Memory Internals

Technical deep dive into MUXI's three-tier memory system

Technical implementation of MUXI's memory system: data structures, algorithms, caching strategies, and performance characteristics.

Architecture Overview

┌─────────────────────────────────────────────────────────┐
│                    Memory Manager                       │
├─────────────────────────────────────────────────────────┤
│  ┌───────────────┐  ┌─────────────┐  ┌───────────────┐  │
│  │   Buffer      │  │   Working   │  │   Persistent  │  │
│  │   Memory      │  │   Memory    │  │    Memory     │  │
│  │               │  │             │  │               │  │
│  │  In-memory    │  │  FAISSx     │  │  SQLite/      │  │
│  │  ring buffer  │  │  vectors    │  │  PostgreSQL   │  │
│  └──────┬────────┘  └──────┬──────┘  └────────┬──────┘  │
│         └──────────────────┼──────────────────┘         │
│                ┌───────────┴───────────┐                │
│                │     Query Planner     │                │
│                │  (semantic + recency) │                │
│                └───────────────────────┘                │
└─────────────────────────────────────────────────────────┘

Buffer Memory

Implementation

class BufferMemory:
    def __init__(self, size=50, multiplier=10):
        self.messages = deque(maxlen=size)
        self.summaries = deque(maxlen=size * multiplier)
        self.embedding_cache = LRUCache(1000)

Behavior

Operation Complexity Notes
Add message O(1) Append to ring buffer
Get recent N O(N) Slice from deque
Overflow O(k) Summarize k oldest messages

Summarization

When buffer exceeds size:

  1. Take oldest N messages (batch)
  2. LLM summarizes into single entry
  3. Summary moved to extended buffer
  4. Original messages dropped
Messages: [1, 2, 3, ..., 50, 51] ← overflow!
                    ↓
Summarize [1-10] → "User discussed project setup..."
                    ↓
Messages: [11, 12, ..., 50, 51]
Summaries: ["User discussed project setup..."]

Working Memory

Vector Store

MUXI uses FAISS for vector similarity search:

class WorkingMemory:
    def __init__(self, dimension=1536):
        self.index = faiss.IndexFlatIP(dimension)  # Inner product
        self.metadata = {}  # id → metadata mapping

Indexing

New content (tool output, user info)
         ↓
    Embed with LLM
         ↓
    Add to FAISS index
         ↓
    Store metadata (timestamp, source, user_id)

Search

def search(self, query: str, k: int = 5) -> List[Memory]:
    query_vec = embed(query)
    distances, indices = self.index.search(query_vec, k)
    return [self.metadata[i] for i in indices[0]]
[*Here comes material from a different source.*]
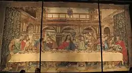Килим «Таємна вечеря» з використнням композиції Леонардо з відомої фрески монастиря у Мілані та суттєвими змінами на тлі, Ватиканська пінакотека, Рим
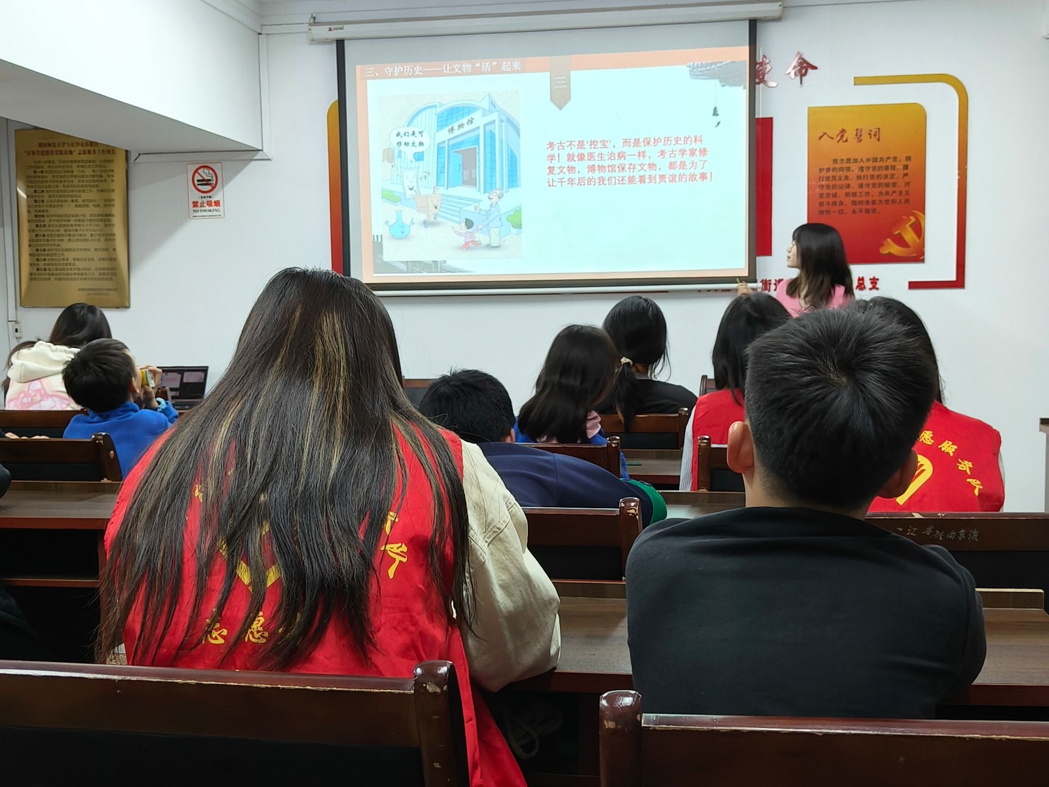 活动伊始,志愿者代表向小朋友们简述西汉文学家贾谊的生平事迹,并以课堂问答的形式将话题引向贾谊故居的保护现状。接着,志愿者代表通过展示贾谊故居的考古发现图和出土文物图,着重介绍了贾谊故居中瓦当拓印文物的工艺特色,促进小朋友们对“瓦当拓印”技艺的了解。手工制作环节,小朋友们在志愿者的指导下充分发挥艺术创造力,制作出各具特色的瓦当拓印作品。活动结束后,志愿者们共同清扫活动现场,并合影留念。

Semantic similarity, not keyword matching.

FIFO Cleanup

When max_memory_mb exceeded:

def cleanup(self):
    while self.size_mb > self.max_memory_mb:
        oldest = self.get_oldest()
        self.remove(oldest.id)

Configurable interval:

memory:
  working:
    max_memory_mb: 10
    fifo_interval_min: 5

Persistent Memory

Dynamic Embedding Dimensions

Persistent memory uses dimension-specific tables rather than a single fixed table. The table name is derived from the embedding model's output dimension:

Embedding Model Dimension Table Name
openai/text-embedding-3-small 1536 memories_1536
openai/text-embedding-3-large 3072 memories_3072
local/all-MiniLM-L6-v2 384 memories_384
local/all-mpnet-base-v2 768 memories_768

This is handled by the get_memory_model(dimension) factory, which dynamically creates SQLAlchemy ORM models:

def get_memory_model(dimension: int):
    tablename = f"memories_{dimension}"
    # Returns a dynamically-created SQLAlchemy model class
    # with Vector(dimension) column matching the embedding size

Multiple formations sharing the same database can each use a different embedding model -- their tables won't conflict.

Schema (PostgreSQL)

-- Table name varies by embedding dimension (e.g., memories_1536, memories_384)
CREATE TABLE memories_1536 (
    id UUID PRIMARY KEY,
    user_id VARCHAR(255) NOT NULL,
    session_id VARCHAR(255),
    content TEXT NOT NULL,
    embedding VECTOR(1536),    -- Matches the embedding model's dimension
    memory_type VARCHAR(50),   -- 'fact', 'preference', 'context'
    importance FLOAT DEFAULT 0.5,
    created_at TIMESTAMP DEFAULT NOW(),
    accessed_at TIMESTAMP DEFAULT NOW(),
    access_count INT DEFAULT 0
);

CREATE INDEX idx_user ON memories_1536(user_id);
CREATE INDEX idx_embedding ON memories_1536 USING ivfflat (embedding vector_cosine_ops);
CREATE INDEX idx_importance ON memories_1536(importance DESC);

Local Embedding Models

MUXI supports running embedding models locally via sentence-transformers, with no API key required. Use the local/ prefix:

llm:
  models:
    - embedding: "local/all-MiniLM-L6-v2"      # 384 dimensions
    # or: "local/all-mpnet-base-v2"             # 768 dimensions

The model is downloaded automatically on first use. This is useful for development, air-gapped environments, or reducing API costs.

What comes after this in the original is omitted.